(Dataset content)
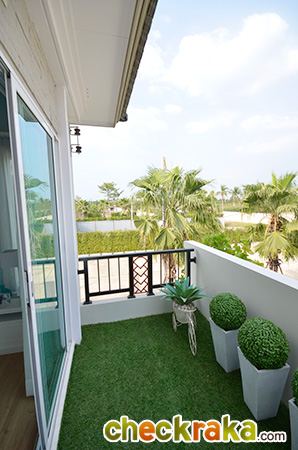 ขนาดของระเบียงส่วนตัวหน้าห้อง Master Bedroom พื้นระเบียงเป็นทรายล้างแต่งด้วยกระเบื้อง
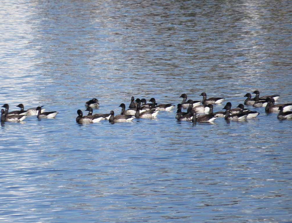 The group of many brants settled down on the water near the Promenade of Keyport Waterfront Park.
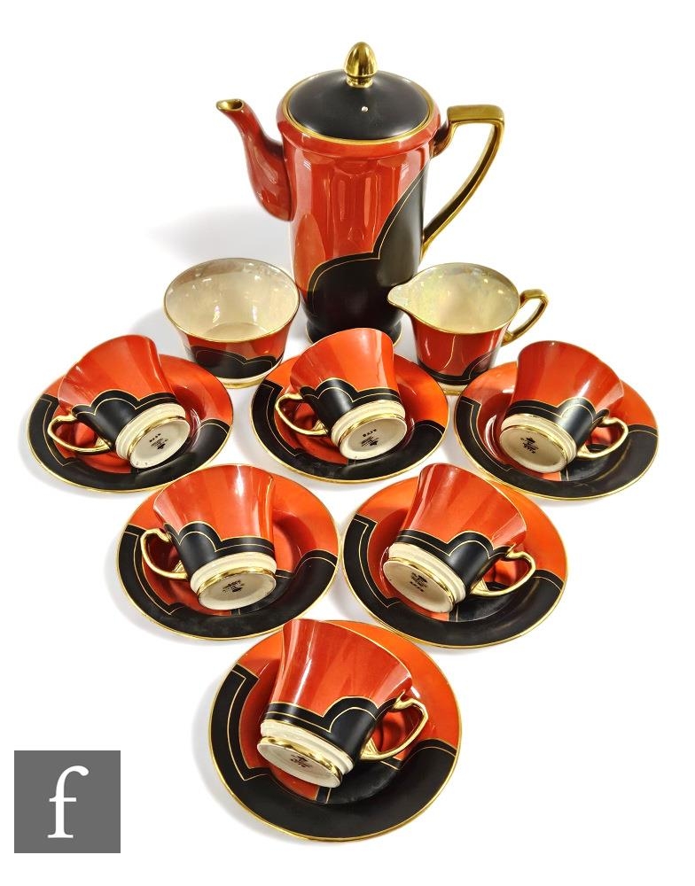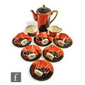 Crown Devon Fieldings - A 1930s part coffee set, comprising coffee pot, six cans and saucers, milk and sugar, decorated in the black and red colourway with gilt banding, pattern no. 2558, printed and painted marks.

(Problem statement)
Please set down each line of the listing above word for word, skipping any pictures.

(Answer to this problem)
 ขนาดของระเบียงส่วนตัวหน้าห้อง Master Bedroom พื้นระเบียงเป็นทรายล้างแต่งด้วยกระเบื้อง
 The group of many brants settled down on the water near the Promenade of Keyport Waterfront Park.
 Crown Devon Fieldings - A 1930s part coffee set, comprising coffee pot, six cans and saucers, milk and sugar, decorated in the black and red colourway with gilt banding, pattern no. 2558, printed and painted marks.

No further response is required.